Humour
Forget that Bucket List, make a F**k It List
Admit it, you couldn't care if never do many of the things that exist on most folks' garden variety bucket lists
Apparently we should get married, spawn the obligatory two-and-a-half children - a boy, a girl and one other - by age 40, make our first R10-million by 45 and retire by age 50. This is so that we can then spend the rest of our lives travelling to the Taj Mahal and Fela Kuti's shrine in Lagos, attending the Rio Carnival, climbing Kilimanjaro, visiting the Louvre and ticking off all the other items on our bucket lists.
Well, at least according to Hollywood screenwriters. For me, this notion that one needs to have a bucket list is an absurdity of the highest order.
Some time last week, one Karin Panaino Petersen, who is a Facebook friend, authored a post about the existence of a different list. An anti-bucket list, if you wish. It is called the F**k It List.
Depending on who you speak to, it could refer to things on your bucket list that you've tried, only to realise that you actually don't want to do them. Alternatively (as is the case with me), it could simply mean things that exist on the garden variety bucket lists of most folks that you literally couldn't give a rat's tit about doing.
Take climbing Kilimanjaro. I lack the words to describe just how uninterested I am in summiting the mountain. If you gave me an option between climbing Kilimanjaro and subjecting myself to a five-day marathon of recordings of former president Zuma's written speeches, my only request would be five packets of Sweet Chili Doritos, regular nature breaks, concentrated Red Bull and an electric cattle prod to shock myself into keeping awake.
I know many people who speak with great yearning about one day going to watch a Champion's League final. Or the FA Cup final at Wembley. You can miss me with that nonsense. Especially after the hours of my life I wasted at FNB Stadium during the 2010 Fifa World Cup final, frozen to the core, drinking that donkey piss called Budweiser with nipple stands. I remember wishing I was at home watching it on the telly, under a warm blanket with a bourbon.
So, no, football finals are definitely on my F**k It List.
Running the Comrades Marathon features a lot on bucket lists. I have three words for you. Are. You. Crazy?

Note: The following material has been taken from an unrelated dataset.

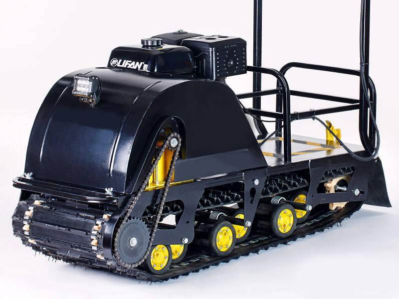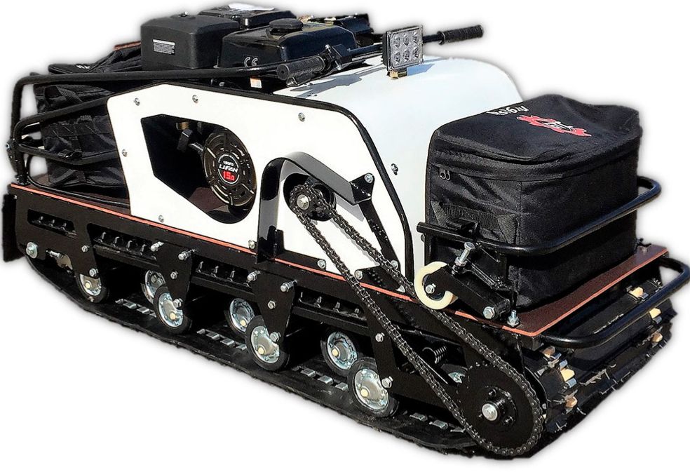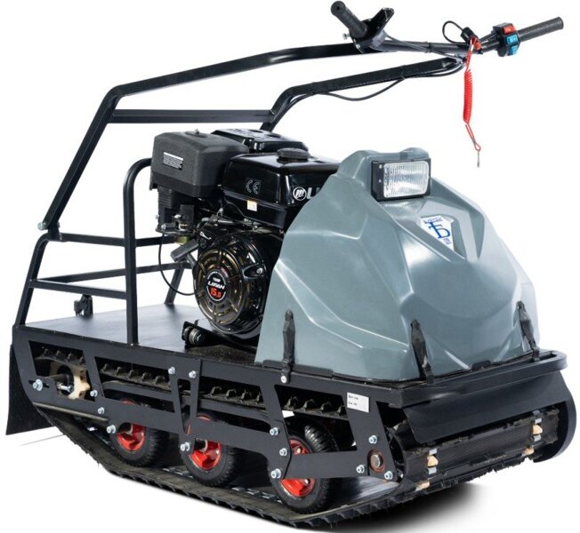 This is a reliable model for transporting goods in deep snow on a sleigh. The weight of the load should not exceed 300 kg. This motorized dog has a motor with a power of 15 horsepower. The manufacturer has equipped the device with a variator gearbox, which, together with the engine, gives the motorized towing vehicle the ability to accelerate to 60 km / h.

I can hardly run from my garage to the gate without running out of breath and collapsing in a heap of exhaustion that requires a 90-minute Swedish massage the following day.
And I know how my brain works. I can see myself at the start, at Pietermaritzburg City Hall. I'd probably start the race. I might even make it to the McDonald's on the corner of Chief Albert Luthuli Street and the appropriately named Burger Street.
What I do know is that, irrespective of how well I'd prepared, I would never make it all the way to Alan Paton Street in Scotsville. One of the many voices in my head would talk to me in the voice of Louis Gossett jnr in those Windhoek ads: "What are you doing, Ndumiso? Wouldn't you rather spend this glorious day drinking beer at the Durban beachfront?" And then I'd drive to Durban instead.
I have never been to the Louvre in Paris despite visiting that city. It's also on my F**k It List. Yeah, sure, I have an appreciation for its historical significance to the now-defunct French monarchy. But without going there, I know exactly what it would feel like being there. I'd wander around trying to look interested and intelligent while wondering why I was walking around a big house with paintings of dead Frenchmen.
Also on my F**k It List are bungee jumping, skydiving, paragliding or any other "sport" that involves hurtling towards the ground - something I have called "crazy white people BS". This is about my notoriously rotten luck. I'm convinced that it would end with me looking like road kill at the bottom of the Bloukrans Bridge.
The same goes for engaging in nookie on the beach. I don't like sand in my behind. Or joining the mile-high club. I bet my attempt would coincide with the exact moment someone hijacked the plane, culminating in my standing in the aisle with my pants around my ankles, trying to cover my nethers with my hands.
I like to believe that the reason for my aversion to bucket lists is that I don't suffer from FOMO. I suspect, though, that I might have successfully painted myself as having the curiosity and adventurous spirit of bottom-feeding plankton. But I'll be living, breathing plankton. And at least I won't suffer the irony of kicking the bucket in pursuit of ticking bucket lists.